Even so, the impact on overall cost of goods sold should be modest for larger manufacturers because helium generally comprises around 0.5%–1% of production costs.

Company credit at risk

If the Iran war drags on, company credit ratings could suffer, says Fitch.

“Should constrained flows persist long enough to exhaust buffers – potentially beyond about six weeks – manufacturers could face tighter allocation, higher procurement costs and increased working-capital needs and earnings volatility,” says Fitch. “This could, in more severe cases, force production rescheduling or prioritisation towards higher-value output.”

Offsetting these problems, supply tightness will push chip prices up and support margins for the large Fitch-rated memory chip producers, limiting the rating impact and building resilience for a more prolonged disruption. The big chip producers typically have longer-term helium supply contracts, larger inventories and higher helium-recycling rates that reduce net consumption and spot-market exposure.

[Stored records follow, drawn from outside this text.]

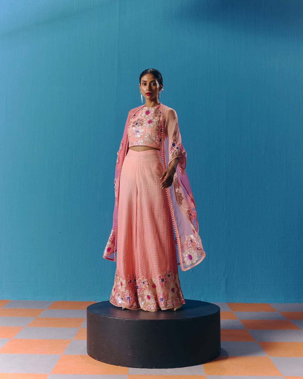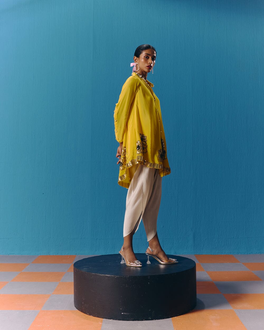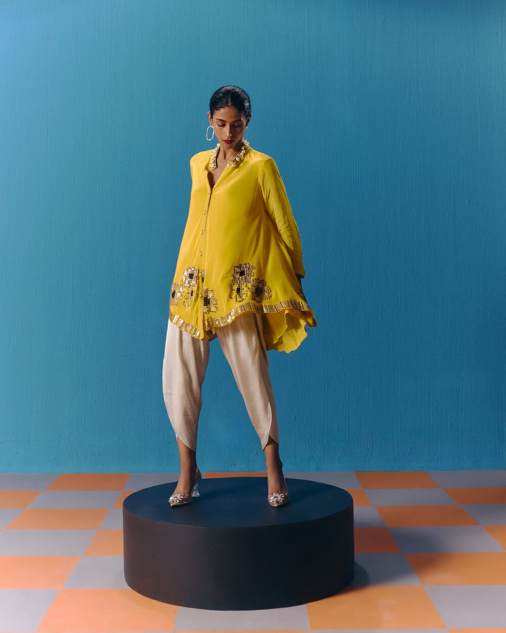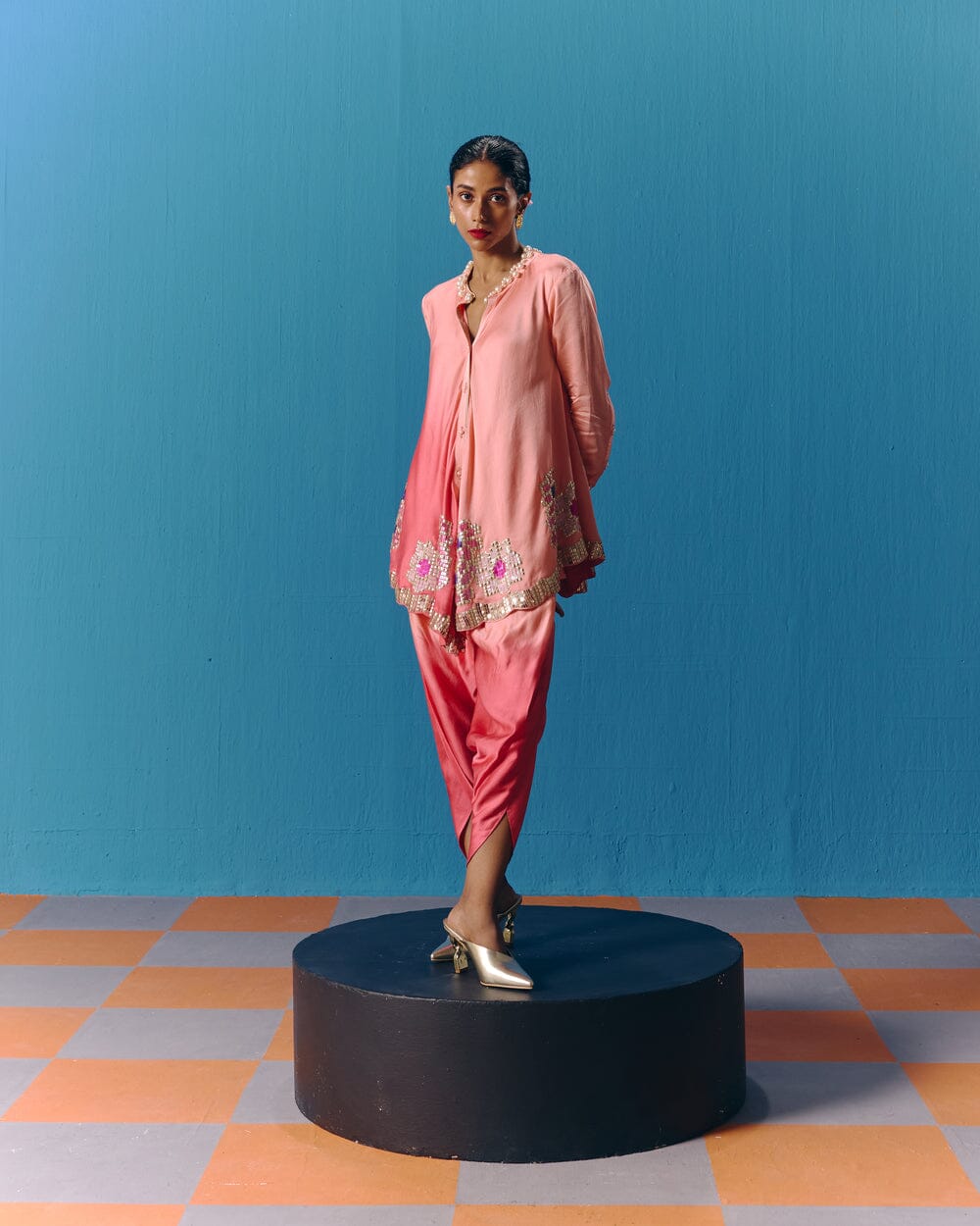 Pooja Rajgarhia Gupta’s style shouts vivid and bright with amalgamation of traditional aesthetics and modern design. The label’s signature geometric surface textures bring a new feel to Indian fluid silhouettes. Their collections are a refreshing shift from very heavy Indian clothing to easy playful silhouettes, statement colors, foiling, printing, intricate handwork and impactful geometric sequence work. Delivery period for this label is usually 20-25 days.
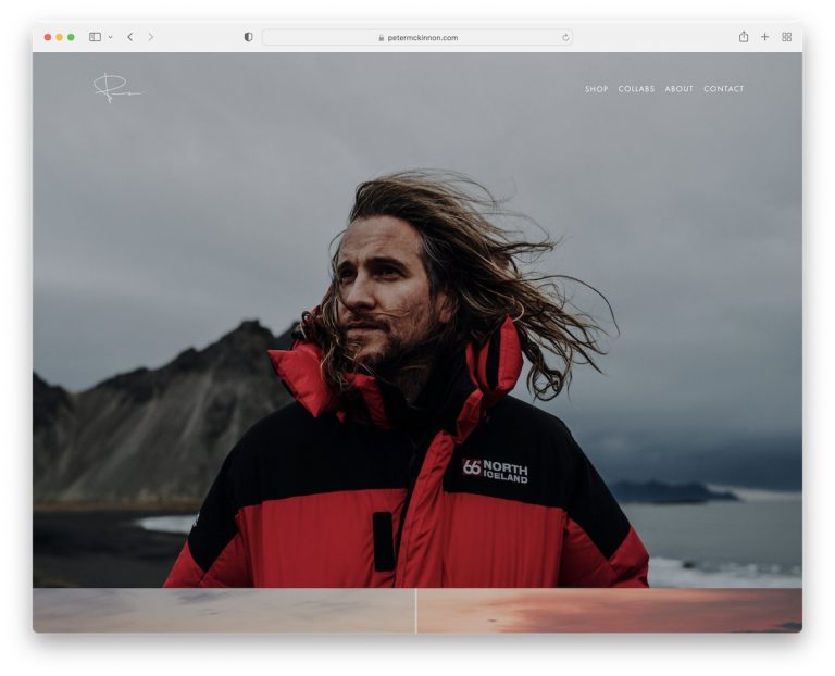 The Hearnes is a superb Squarespace photography example with a full-screen hero image with a parallax effect. It has a top-bar notification and a 100% transparent header, so the background doesn’t get in the way.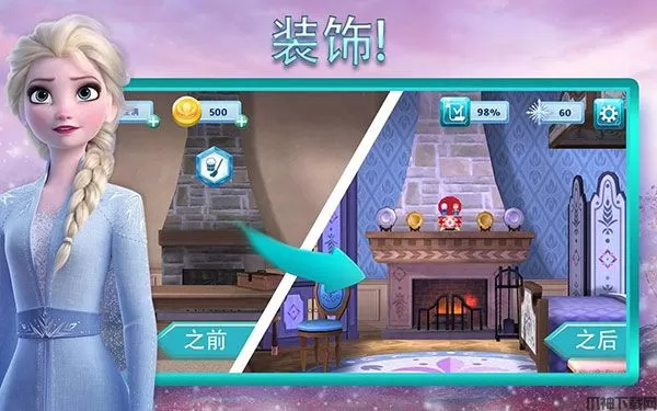 冰雪奇缘大冒险最新版是一款全新的休闲三消游戏,该游戏是以同名系列电影为蓝本而打造的,玩家在游戏中将通过消消乐游戏来获得各种道具和装饰物,然后你就可以用这些道具去装饰你的城堡并在游戏中的时间进行探索。你也可以让你最喜爱的电影角色助你通过成百上千个趣味三消游戏关卡。或者用你的设计理念来装饰城堡入口、大厅,以及阿伦黛尔王国的众多建筑!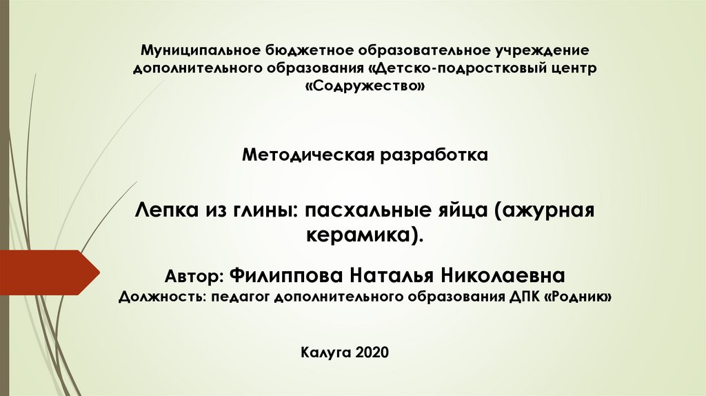 Должность: педагог дополнительного образования ДПК «Родник»

“Mitigants include long-term contracts with diversified suppliers including the US, Russia and Algeria, advanced helium recycling systems (leading fabs can recycle around 80%–90%), strategic stockpiling and multi-sourcing. Larger, leading-edge manufacturers with robust recycling and established contract structures are better positioned than smaller operators with greater spot-market reliance,” Fitch said.